Design of Mixer:sql Lexical analyzer

Source: Internet
Author: User
Tags lexer sql injection

Introduced

Mixer wants to provide custom routing, SQL blacklist to prevent SQL injection attacks in the proxy layer, and the cornerstone is to parse the SQL statements sent by the user. That's my first big lexical analysis and grammar analysis.

So far, I've just implemented a simpler lexical analyzer to decompose SQL statements into multiple token. And for the syntax analysis from the token, build the SQL AST, I now really have no experience (compiler principle is too bad), the need for cattle to help.
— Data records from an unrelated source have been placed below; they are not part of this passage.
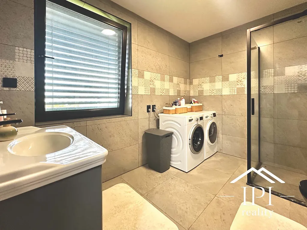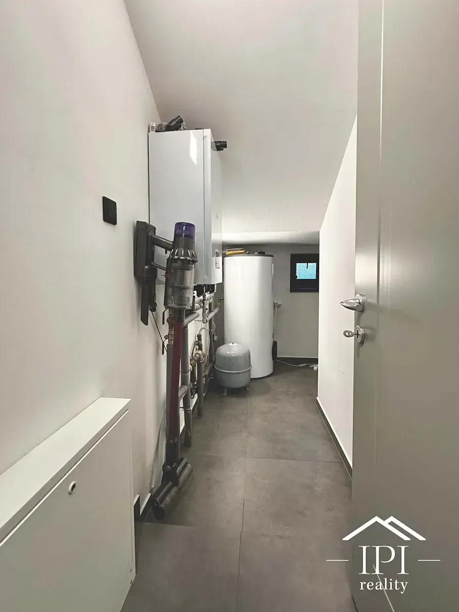 Dům se nachází v energetické třídě B, což zaručuje úsporný provoz, vyvážené náklady na energie a komfortní bydlení s ohledem na životní prostředí. Na střeše je již příprava pro instalaci solárních panelů, což umožňuje další snížení provozních nákladů v budoucnu. V celém domě je podlahové vytápění rozdělené do dvou samostatně řízených sekcí, vytápění zajišťuje elektrický kotel a ohřev vody elektrický bojler. V garáži je zavedeno 400V připojení – připravené pro nabíjení elektromobilů. Všechna okna jsou vybavena trojskly, která zajišťují skvělou tepelnou i zvukovou izolaci. Dům je rovněž vybaven moderním zabezpečovacím systémem s kamerovým dohledem, který zajišťuje maximální bezpečí a klid. Celkově jde o moderní, úsporný a technicky nadstandardně vybavený dům, který nabízí komfortní a ekologicky šetrné bydlení s důrazem na kvalitu a dlouhodobou úsporu provozních nákladů.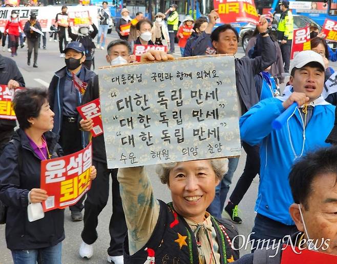 이날 촛불대행진에 참석한 수만 명(주최 쪽 추산 2만, 연인원 3만)의 시민들은 몸엔 흰색 천으로 만든 '자주독립' 망토를 걸치고, 손엔 "주권 침해, 미국 사죄!", "주권 포기, 윤석열 퇴진!"이란 글자가 적힌 손 팻말을 들었다.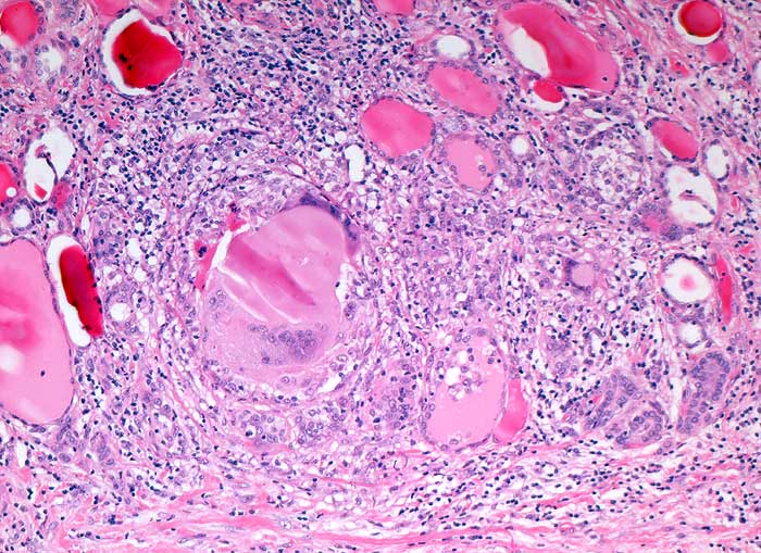 Das Schilddrüsenparenchym wird fokal von einer granulomatös-riesenzelligen Entzündung zerstört. Mehrere Riesenzellen umgeben das Kolloid eines zerstörten Follikels.
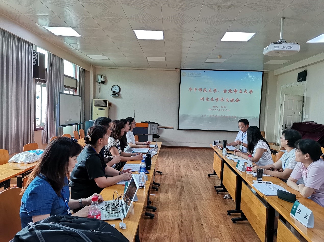 教育学院宣传中心讯(通讯员 陈棋 摄影 张萌 陈棋 编辑 陈棋)2019年7月1日至2日,由我院主办的华中师范大学、台北市立大学研究生学术交流会在我校逸夫国际会议中心二楼报告厅举行。参加本次学术交流会的校外嘉宾有台北市立大学简良平教授和但昭伟教授、明道大学的助理教授江姮姬,我校研究生院副院长叶飞,教育学院与心理学院的主要领导以及两院10余位专家学者,与来自海峡两岸的30余位研究生齐聚一堂,开展学术交流活动。
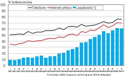 C2 Tietokoneiden ja internet-yhteyksien yleisyys kotitalouksissa neljännesvuosittain helmikuusta 2001 toukokuuhun 2007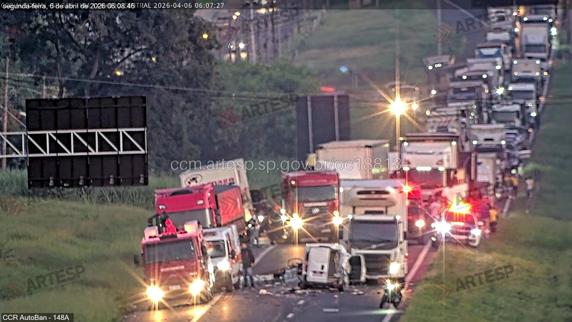 Segundo informações da concessionária, todas as faixas e o acostamento precisaram ser bloqueados para atendimento da ocorrência.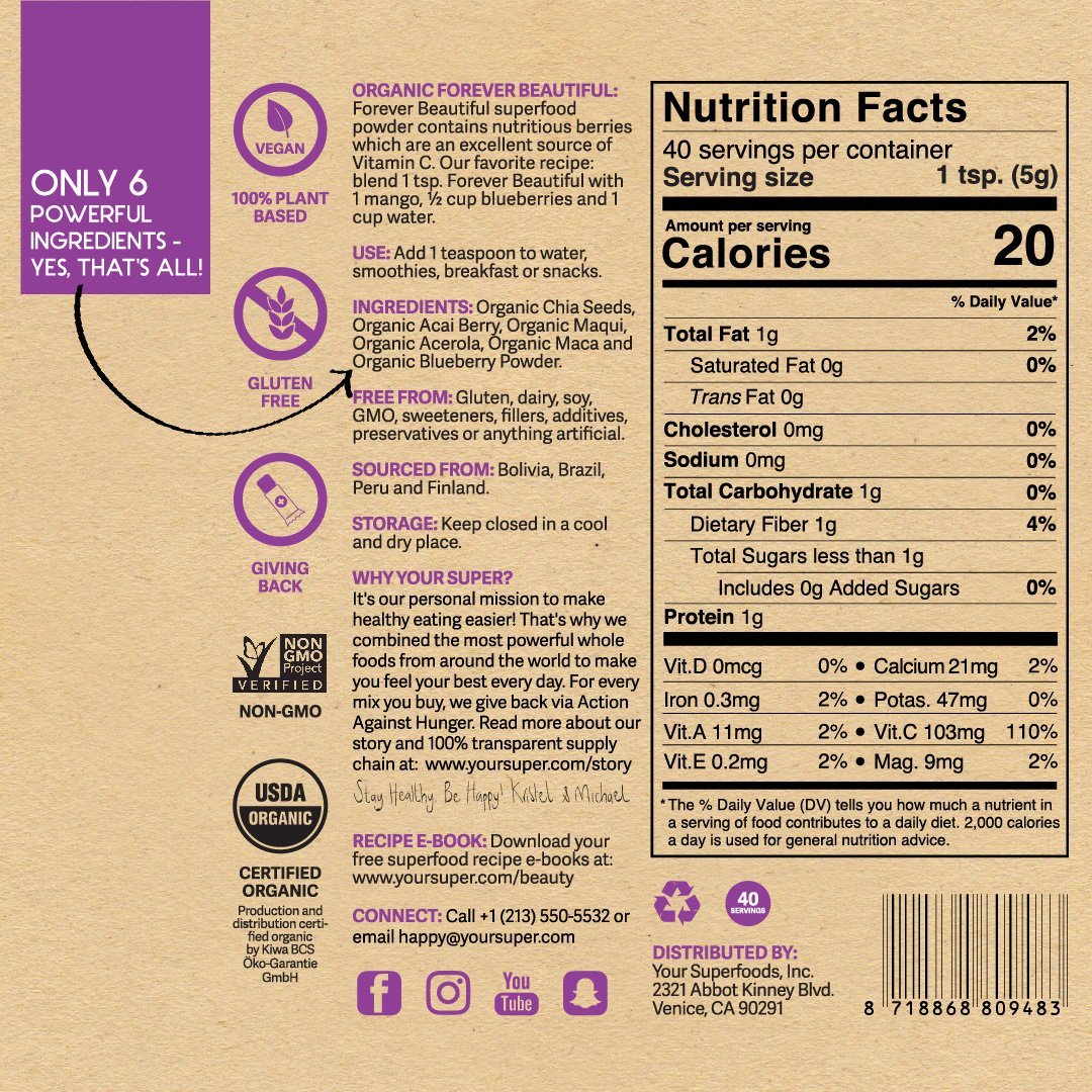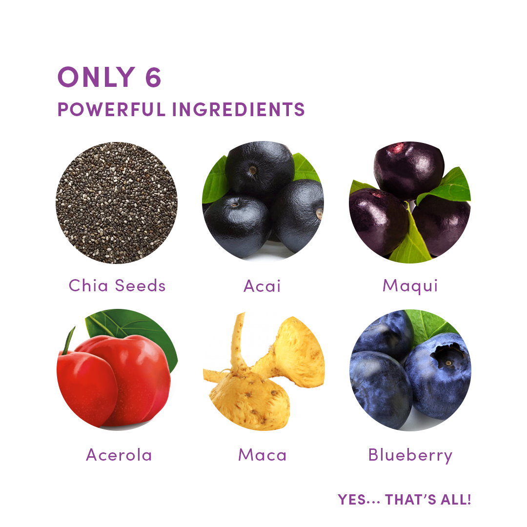 Ingredients: Chia Seeds* (Bolivia), Acai* (Brazil), Maqui* (Chile), Acerola* (Brazil), Maca* (Peru) and Blueberry* (Finland) Powder. *Organic Certified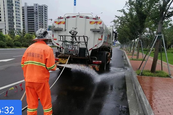 為積極落實(shí)大氣污染防治工作要求,園區(qū)環(huán)衛(wèi)每天出動(dòng)8臺(tái)洗掃車(chē)、2臺(tái)高壓沖洗車(chē),在轄區(qū)內(nèi)持續(xù)開(kāi)展灑水沖洗、除塵、降溫等大氣污染防治作業(yè)。結(jié)合道路特點(diǎn),利用小型高壓沖洗車(chē)對(duì)道路側(cè)邊石、人行道等細(xì)節(jié)處進(jìn)行沖洗。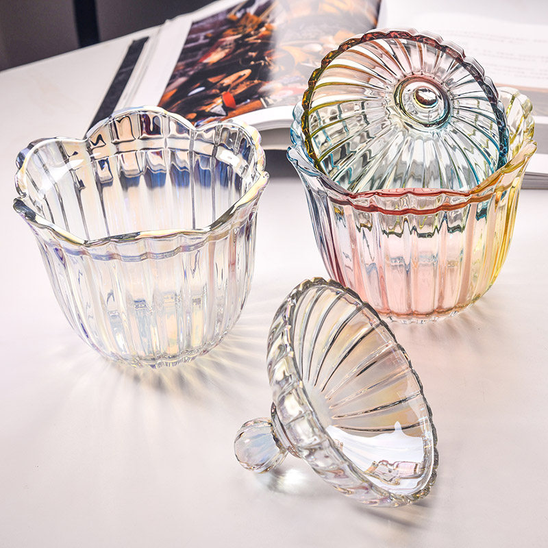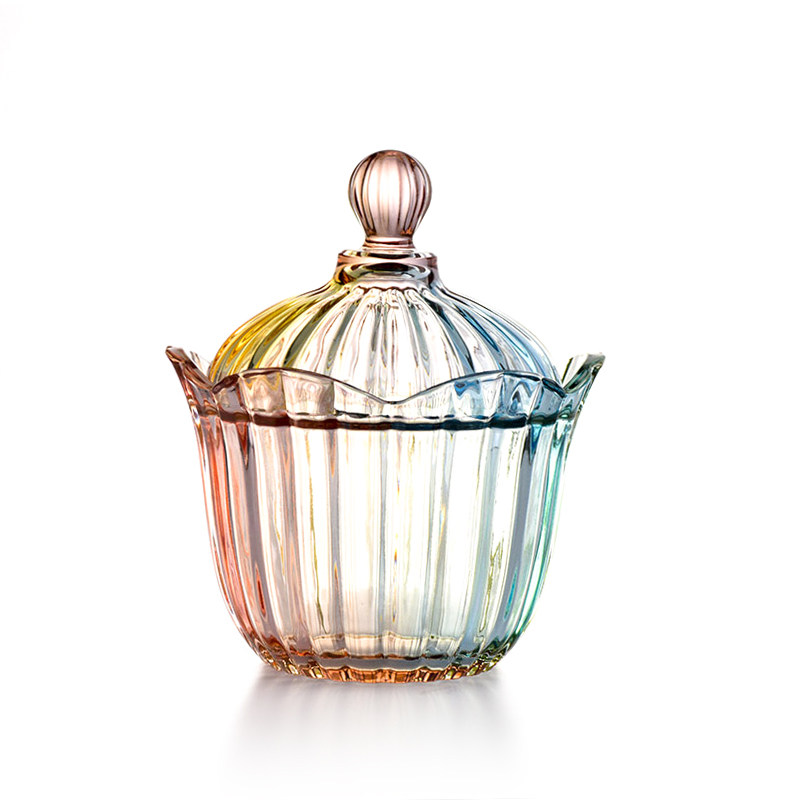 Nordic style glass large flower striped colored storage with lid jar Candy Jar Fire Pot shop Self-sauce Sauce Bowl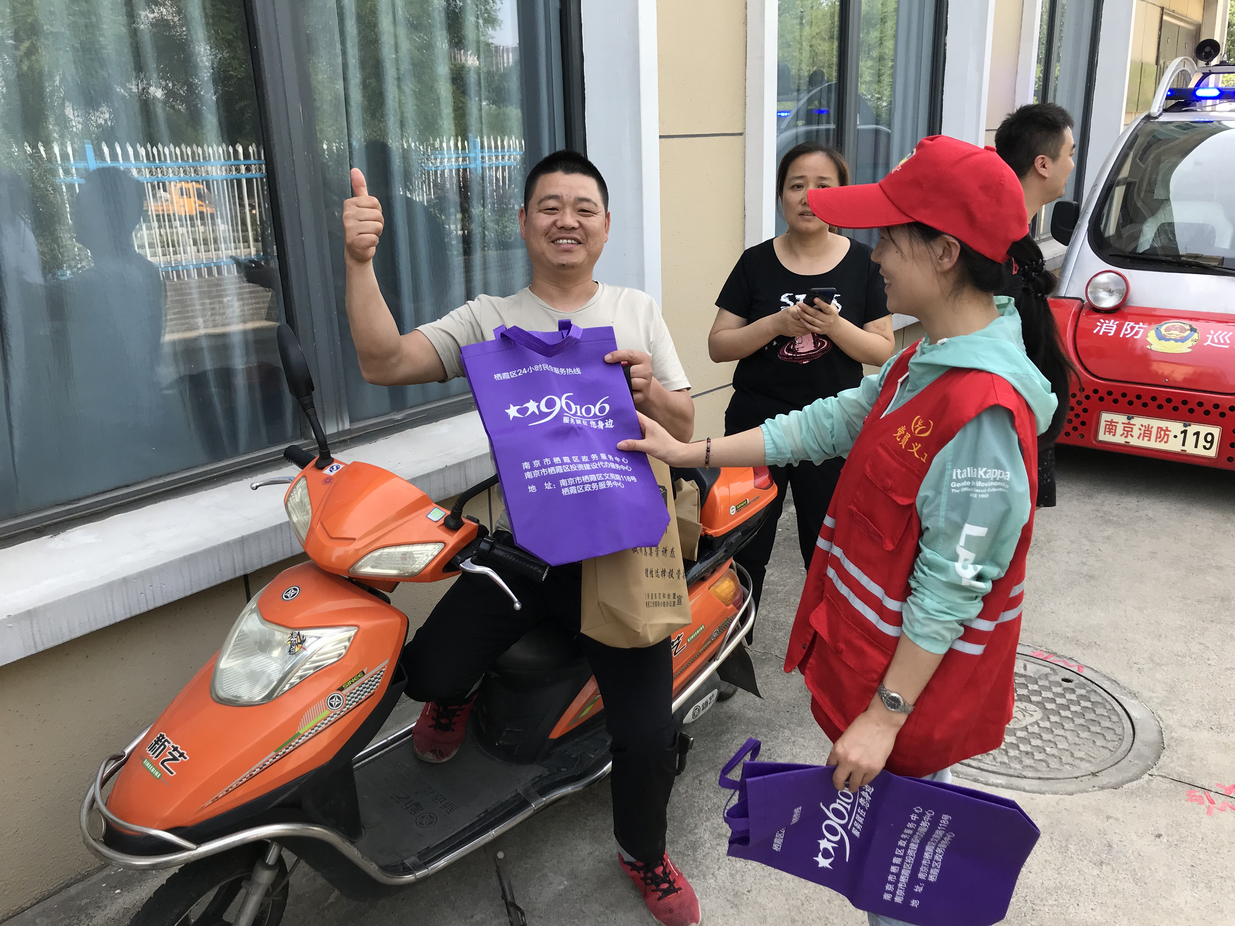 讲座结束后,所有人来到了室外,栖霞消防中队的队员向大家介绍了消防器材的使用方法和技能,然后进行了消防实战演练,现场准备了三个灭火桶及20具灭火器,商户们在消防队员的指导下,一一完成了灭火训练。与此同时,社区全科社工积极推动集成改革创新,利用活动契机开展栖霞区“96106民生热线”宣传工作,详细地为大家解答了“96106民生热线”的服务概况、服务方式、工作范围、办理时限等基本情况,同时,还向大家发放了宣传彩页、环保袋等宣传用品。

So, here is just a brief introduction to the lexical analysis of mixer.

Tokenize

In many places, we all need lexical analysis, usually in several ways:

Use a powerful tool, such as Lex,mysql-proxy, in this way

Using regular expressions

State machine

For the use of tools, I think there is a less good place is the cost of learning, for example, I use lex when I need to learn its syntax, while the code generated by the tool is not very readable, the code is large, more serious is likely to be slow. So MySQL itself is to implement a lexical analysis module.

For regular expressions, performance problems can be a very important consideration, and the complexity is no lower than using tools like Lex.

State machine Maybe I think I'm doing it. A very good way to implement lexical parsing, for SQL lexical parsing, I feel that the way to write by using state machine is not very difficult, so mixer himself realized one.

State machine

In general, the implementation of a state machine is based on the practice of the States + action + switch, possibly as follows:

?

1 2 3 4 5 6 7 8 Switch state {case state1:state = action1 () Case state2:state = Action2 () Case STATE3: State = Action3 ()}

For a state, we know by switch which action it will be handled by, and for each action we know what the next state is after the execution completes.

For the above implementation, if there is too much state, it may cause too many case statements, which we can simplify with the state function.

A state function is the execution of the current state action and returns directly to the next state function.

We can do this:

?

1 2 3 4 5 Type statefn func (*lexer) statefn for state: = Startstate; State!= Nil {state = state (Lexer)}

So what we need to accomplish is each state function and its next state function that needs to be executed.

Mixer Lexer

The lexical analysis of mixer is mainly referenced by this method. Mainly implemented in the parser module.

For a lexer, a nexttoken function is provided for the external acquisition of the next token for subsequent operations (such as parsing).

Lexer next token is as follows:

?

1 2 3 4 5 6 7 8 9 a Func (l *lexer) nexttoken () (Token, error) {    for {       & Nbsp;select {            case T: = <-l.tokens:                 return T, Nil             default:                  if L.state = = Nil {                     return Token{TK _eof, ""}, L.err                  }                  l.state = L.state (l)                  if L.err!= Nil {                     return Token{tk_unknown, ""}, L.err                  }          }     }}

Tokens is a channel, each time the state resolves the token will emit to this channel for Nexttoken get, if the channel is empty, then call the state function again.

As you can see, it's easy to implement a lexical parsing with go, and the rest is to write the corresponding state function to parse the SQL.

Todo

Mixer Lexical analysis There are many imperfect places, such as the scientific count method of numerical analysis is not perfect, the follow-up preparation for reference to MySQL official lexical analysis module in a good improvement.

Contact Us

The content source of this page is from Internet, which doesn't represent Alibaba Cloud's opinion; products and services mentioned on that page don't have any relationship with Alibaba Cloud. If the content of the page makes you feel confusing, please write us an email, we will handle the problem within 5 days after receiving your email.

If you find any instances of plagiarism from the community, please send an email to: info-contact@alibabacloud.com and provide relevant evidence. A staff member will contact you within 5 working days.

A Free Trial That Lets You Build Big!

Start building with 50+ products and up to 12 months usage for Elastic Compute Service

  • Sales Support

    1 on 1 presale consultation

  • After-Sales Support

    24/7 Technical Support 6 Free Tickets per Quarter Faster Response

  • Alibaba Cloud offers highly flexible support services tailored to meet your exact needs.